# Input on collar



## Brian Anderson (Dec 2, 2010)

anybody using this collar? If so your thoughts?

I am using an image from http://www.allk-9.com in the interest of disclosure. I am not affiliated with them or advertising for them. Just found the collar on their site.


----------



## Pete Stevens (Dec 16, 2010)

Looks nice but no real correctional value. I have them, tried it but I don't use them anymore. Nothing more than a flat collar with some points. I think most people buy them because of the look. But the same thing can be accomplished by using a nylon cover on a standard prong collar. Herm Sprenger makes great stuff, I'm just not a fan of this collar. I am a fan of All K9 though.

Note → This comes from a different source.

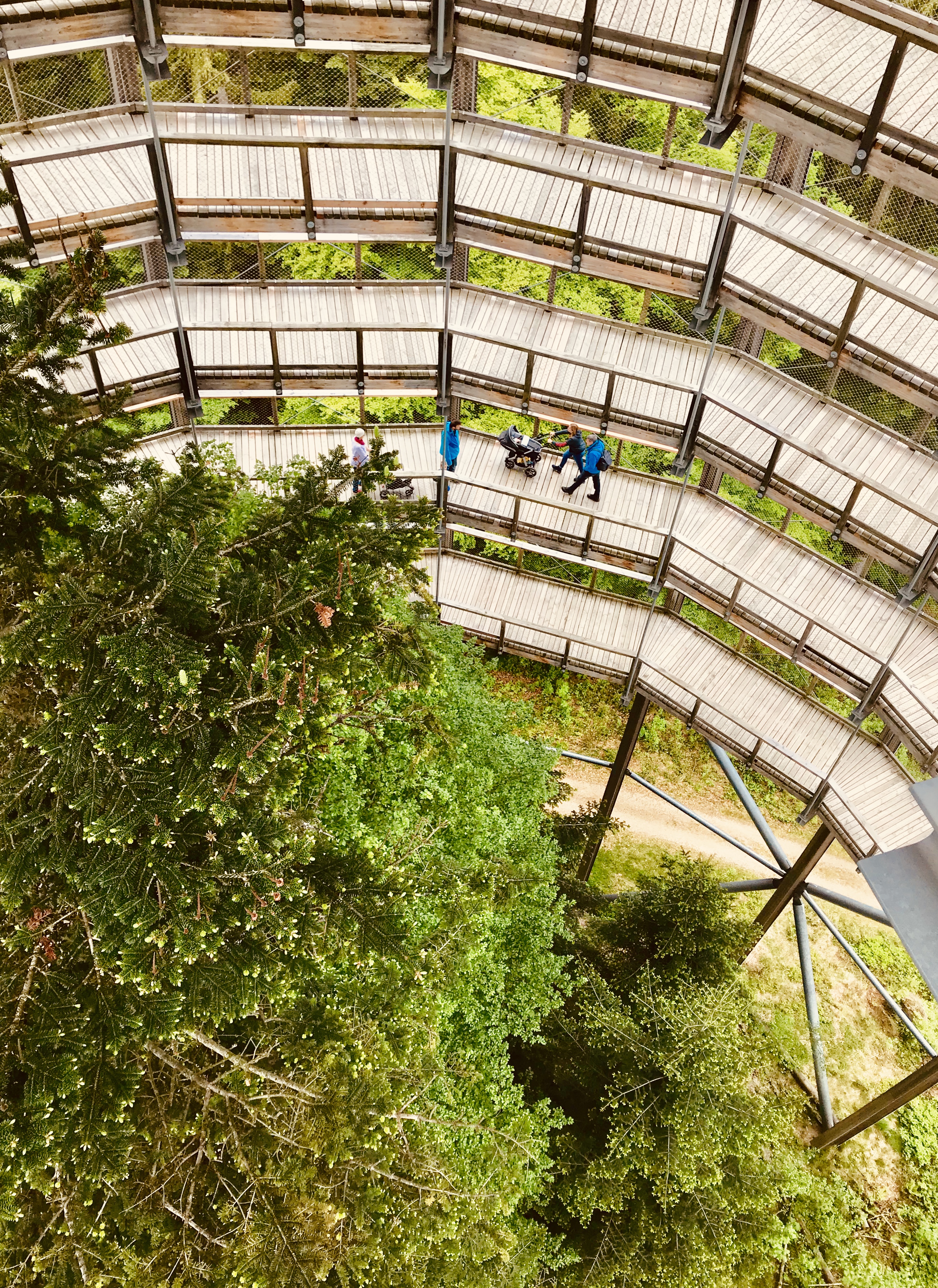 Der Baumwipfelpfad im Bayerischen Wald ist der erste Baumwipfelpfad, den wir jemals begangen sind – es war unbeschreiblich! Wir erlebten den Wald aus einer anderen Perspektive und schwebten wie Vögel über die Baumwipfel! Wir konnten uns gar nicht satt sehen an den unterschiedlichen Grüntönen der Bäume. Der Pfad ist bis zu 25 Meter hoch! Die Krönung des Pfades war das Baumwipfelei, in dem wir uns auf ganze 44 Meter spiralförmig hoch schraubten und eine fantastische Aussicht auf den Nationalpark genossen. Das Baumwipfelei ist eigentlich ein Turm mit Aussichtsplattform in Eiform.

Jason Baldwin is a good guy and does business how it should be done. If I buy a Demanet suit, it will be from him.


----------



## Joby Becker (Dec 13, 2009)

neck tech HS, this one is better than straight collar. I have used one of these. I admit I do use HS pinch now though, for dog with fur..they are cheaper and have more effective corrections.


----------



## Brian Anderson (Dec 2, 2010)

Pete Stevens said:


> Looks nice but no real correctional value. I have them, tried it but I don't use them anymore. Nothing more than a flat collar with some points. I think most people buy them because of the look. But the same thing can be accomplished by using a nylon cover on a standard prong collar. Herm Sprenger makes great stuff, I'm just not a fan of this collar. I am a fan of All K9 though. Jason Baldwin is a good guy and does business how it should be done. If I buy a Demanet suit, it will be from him.

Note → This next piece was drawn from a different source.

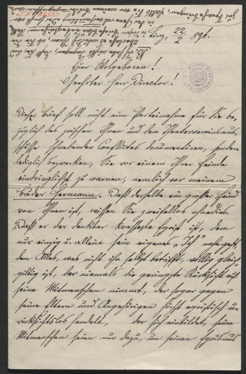 Bahr, Otto: Brief an Adam Müller-Guttenbrunn. Linz, 22.2.1896

Pete thats exactly why I am asking up front. I kind of got the impression it was a bit gimmicky and possibly being pushed because its "something new and improved" I have Herm Sprengers that I use all the time and like. As far as the politcally correct part that I think is being used to market them. BAHHHHH Im the ANTI political correct guy who lives in the woods in Louisiana where the mosquitos bite as hard as the dogs LMAO ... 

thanks bro!


----------



## Pete Stevens (Dec 16, 2010)

In the People's Republic of California, some folks will literally call animal control and report a cruelty case. Or even better, start a yelling match telling how dogs are equal to people. These are also the people who let the dogs lick them on the mouth! I need to move.....


----------



## Brian Anderson (Dec 2, 2010)

Pete Stevens said:


> In the People's Republic of California, some folks will literally call animal control and report a cruelty case. Or even better, start a yelling match telling how dogs are equal to people. These are also the people who let the dogs lick them on the mouth! I need to move.....

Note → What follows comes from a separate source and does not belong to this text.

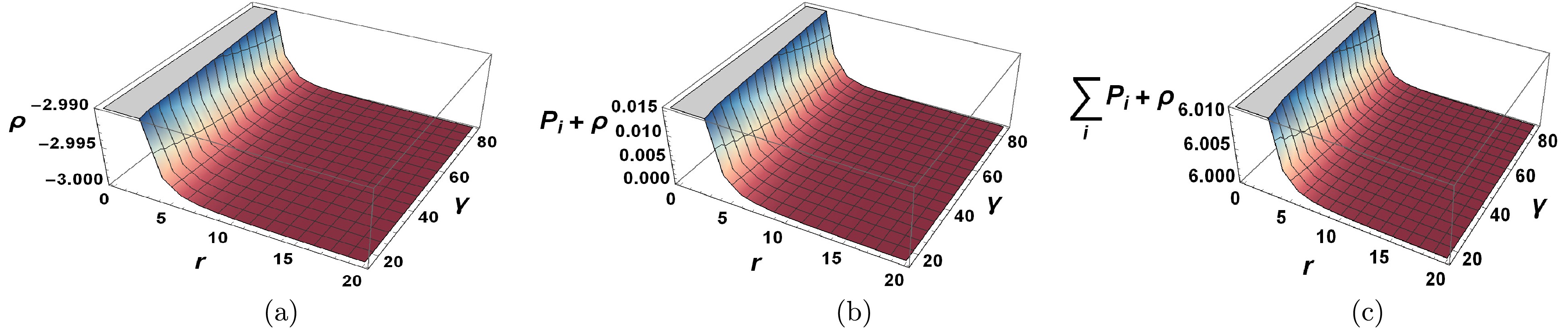 (19) Graphical analysis shows that energy conditions such as WEC, NEC, and SEC vary as a function of the variable r (see Fig. 2). Thus, we observe that for each choice of values of ω with a range of values of γ, the WEC is satisfied for the considered case with

Umm dont tell anyone but down here most of us love our guns, god and hard biting dogs. Dog licks me in the mouth once he wont ever do it again!! OOPSS did I say that?


----------



## Pete Stevens (Dec 16, 2010)

I may or may not have a safe or two full of guns, I can neither confirm nor deny that....firm believer in God we Trust.


----------



## Mike Scheiber (Feb 17, 2008)

Brian Anderson said:


> anybody using this collar? If so your thoughts?
> 
> I am using an image from http://www.allk-9.com in the interest of disclosure. I am not affiliated with them or advertising for them. Just found the collar on their site.


Junk for a long haired dog its for the greenies in Europe


----------



## Marta Wajngarten (Jul 30, 2006)

I have one of those. I have compared it on my arm to my regular prong which is the new HS design with the plate in the middle and the corrections are on par but different. 

The regular prong delivers a more of a blunt over all squeeze, while this collar delivers a bunch of very sharp pricks. If it's fitted tightly, the dispersion is very similar to a tight prong and you can feel the pricks all around fairly equally. I actually found it far more unpleasant then the prong, those little ends are very pointy. However, the sharpness of the correction would be significantly diminished on a dog with a heavy coat, so I can see how this would be fairly minute even useless on let's say a GSD. 

The rep I bought mine from said they used to have a very similar collar in Russia some 15 years ago only the points were sharper and longer, and those collars delivered a far harsher correction then a prong. So looks like HS brought back a mild version of an old collar. 

I also found when on my Corso, this collar doesn't have a mild correction setting so to speak. You do have to yank it with more force for it to be noticed and then it is NOTICED! I can do mild nagging like corrections with the prong that he responds to, but not with this collar.


----------



## Harry Keely (Aug 26, 2009)

looks like a gimmick toy to me, whats wrong with what is already out there on the market, the originals have always worked just fine for me. I say out with the new and stay with the old, JMO8)


----------



## Jeff Oehlsen (Apr 7, 2006)

Just sharpen a pinch collar. No need to spend the extra money.


----------



## Mike Scheiber (Feb 17, 2008)

Jeff Oehlsen said:


> Just sharpen a pinch collar. No need to spend the extra money.


Still got one from my Rottweiler days


----------



## Brian Anderson (Dec 2, 2010)

Mike Scheiber said:


> Still got one from my Rottweiler days


LMAO @ Rottweiler days ...you had those too? (no disrespect meant to you rottie folk).


----------